I know this because it happened to my fraternity several times in school. (False charges being brought up against us to the greek advisor, who knew better, after we had beat that fraternity in a certain event.)

Letters you "earn".

"Rite of Passage" not "hazing"

"don't at lots of schools"

All red flags but I'm not judging.

I think maybe you should reconsider giving your brother the option to put "hoes before bros" because who's there to throw food at y'all for allowing your letters to be given to others?

-Rudey

Senusret I 11-25-2003 05:57 PM

It's not hazing. You don't have to lavalier your girlfriend to become a member of the fraternity. If you know the "traditional" consequences of doing such, then don't drop your letters on her.

It sounds like this guy knew what would happen and he accepted it.

Now, this MIGHT be a good time to codify the tradition and standardize what may and may not be thrown at the participating Brother. It seems like reasonable management of the risks....goggles and saran wrap.

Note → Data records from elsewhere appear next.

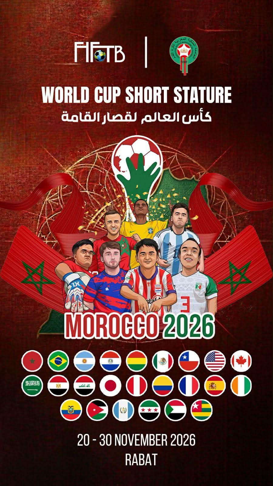 ينظم المغرب النسخة الثانية لبطولة العالم لكرة القدم لقصار القامة في الفترة الممتدة ما بين 20 و30 نونبر 2026 بمشاركة 24 منتخبا.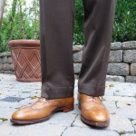 Tarkan maun pukeutuja ei näe rohkeasti kuvioidussa takissa ongelmaa, vaan pienimuotoisen haasteen joka vaatii oikeat yhdistelmät toimiakseen. Kuvan herrasmies luovii tiensä eleganssin puolelle: beige-sini-ruskea irtotakki, ruskeat irtohousut, vaaleanruskeat brogue-jalkineet, sininen nappikauluspaita, vihreä villasolmio, vaaleanruskea vyö, paisley-kuvioinen taskuliina.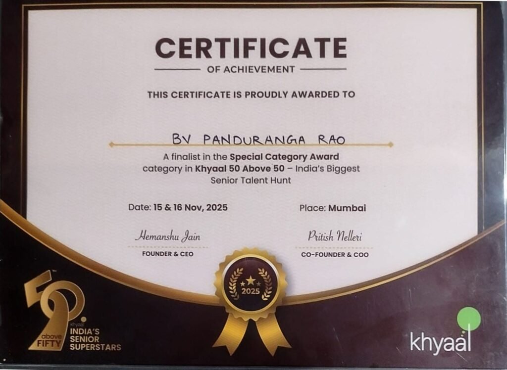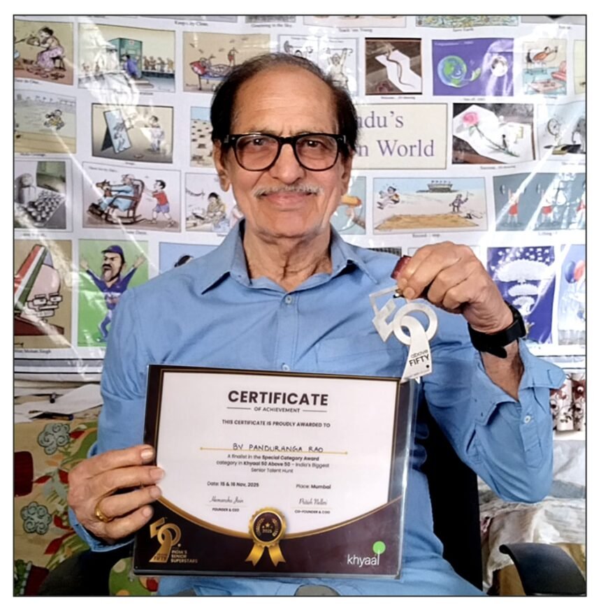 भिलाई। देश में वरिष्ठ नागरिकों के लिए आयोजित सीनियर टैलेंट हंट अवार्ड सीनियर सुपर स्टार ऑफ़ द ईयर ख्याल से वरिष्ठ कार्टूनिस्ट बीवी पांडुरंगा राव को सम्मानित किया गया। उन्हें साल 2025 के लिए विशेष श्रेणी में रनर अप घोषित किया गया है। भिलाई स्टील प्लांट के सेवानिवृत्त सीनियर मैनेजर पांडुरंगा राव को सर्टिफिकेट, एक मेडल और 10 हजार रुपये का नकद पुरस्कार दिया गया। इस प्रतियोगिता में देश भर से 50 साल से ज़्यादा उम्र के प्रतिभागियों ने हिस्सा लिया।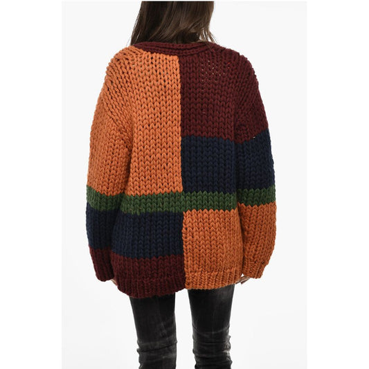 Dsquared² Color Block Maxi Cardigan with Double Pockets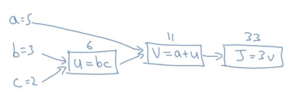 다음에 $v = a + u$라고 할 때 $v$를 계산해야 합니다. 마지막으로 출력값 $\mathcal{J} = 3v$입니다. 이것이 함수 $\mathcal{J}$의 계산입니다. 이것이 계산하려고 했던 함수 $\mathcal{J}$의 마지막이죠.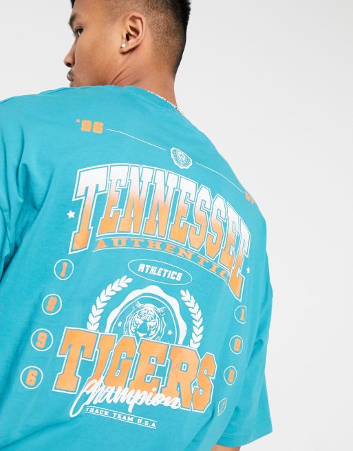 ASOS DESIGN - T-shirt oversize blu con scritta e stampa di tigre sul retro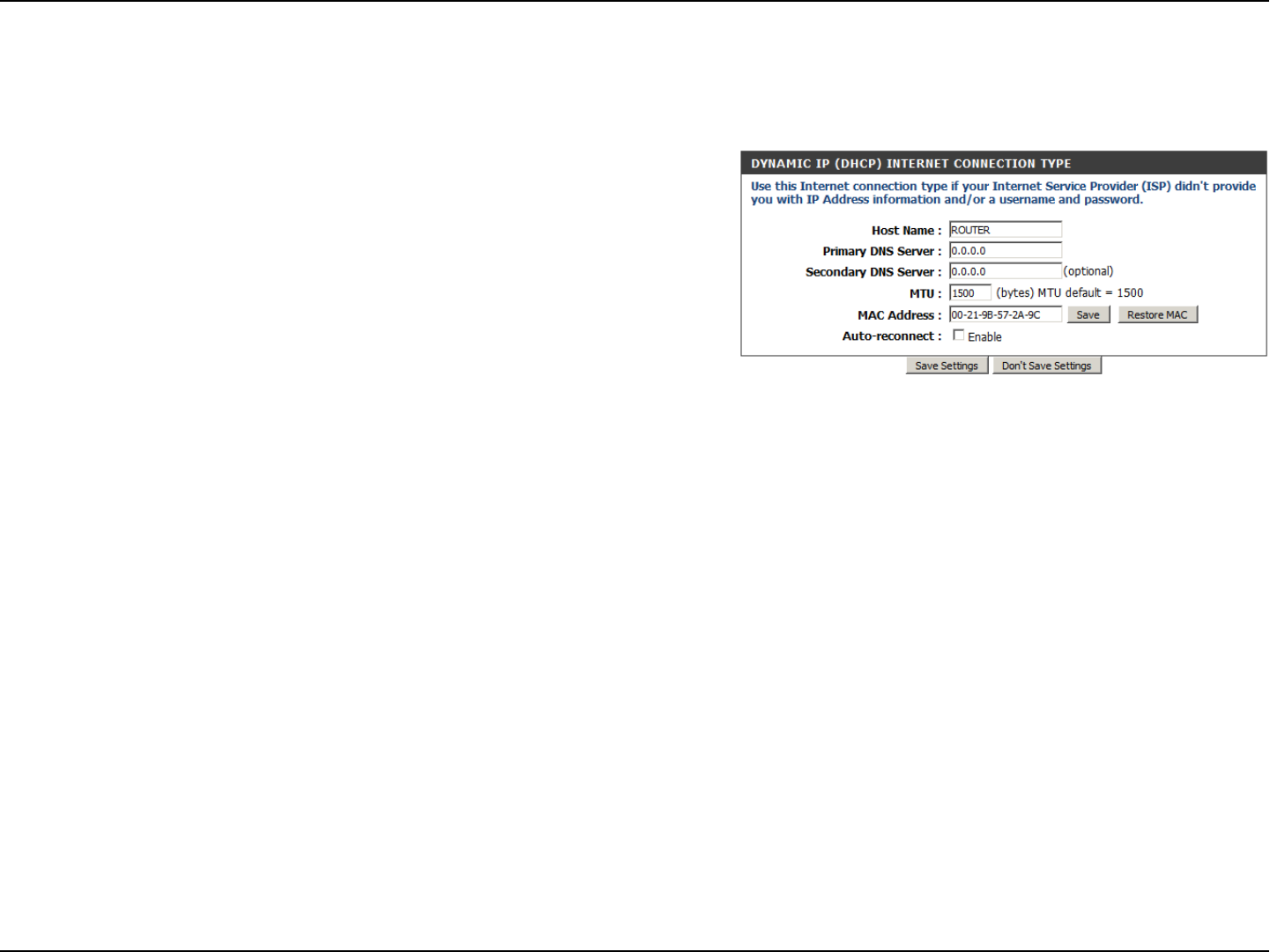 The default MAC Address is set to the Internet port’s physical interface MAC address on the Broadband Router.

It COULD get out of control in the future and someone COULD get hurt, but not if they proactively manage the event for the future.

Sounds like "Double Dare" to me. That wasn't hazing.

GeekyPenguin 11-25-2003 05:59 PM

Rudey, I'm really agreeing with you on this. I think the fountain tradition is kind of cute (sort of like dumping Gatorade on a coach after winning a big game) but throwing food and Saran Wrapping? That's just tacky.

Lil' Hannah 11-25-2003 06:03 PM

Quote:

Originally posted by Rudey
This is what I see when I read that:

-The fraternity allows the brother to put his girlfriend before them in the form of a tradition.

-The fraternity once it allows for this tradition feels it needs another tradition to punish the brother for following the first tradition.

-Rudey

Eh, simply put you are correct. But lavaliering and pinning have been going on for years and years and years all across the country. Now the "tradition" that follows, not necessarily. But I don't think these are rare fraternities that are "allowing the brother to put his girlfriend before them..."

But maybe lavaliering and pinning have different meanings as far as degrees of seriousness across different campuses, and on mine it was toward the serious end of spectrum.

Rudey 11-25-2003 06:08 PM

Quote:

Originally posted by Senusret I
It's not hazing. You don't have to lavalier your girlfriend to become a member of the fraternity. If you know the "traditional" consequences of doing such, then don't drop your letters on her.

It sounds like this guy knew what would happen and he accepted it.

Now, this MIGHT be a good time to codify the tradition and standardize what may and may not be thrown at the participating Brother. It seems like reasonable management of the risks....goggles and saran wrap. It COULD get out of control in the future and someone COULD get hurt, but not if they proactively manage the event for the future.

Sounds like "Double Dare" to me. That wasn't hazing.

If the consequence of telling everyone fraternity secrets meant getting attacked and beaten and you did this knowing the consequence, what would that mean? I mean you COULD really get hurt.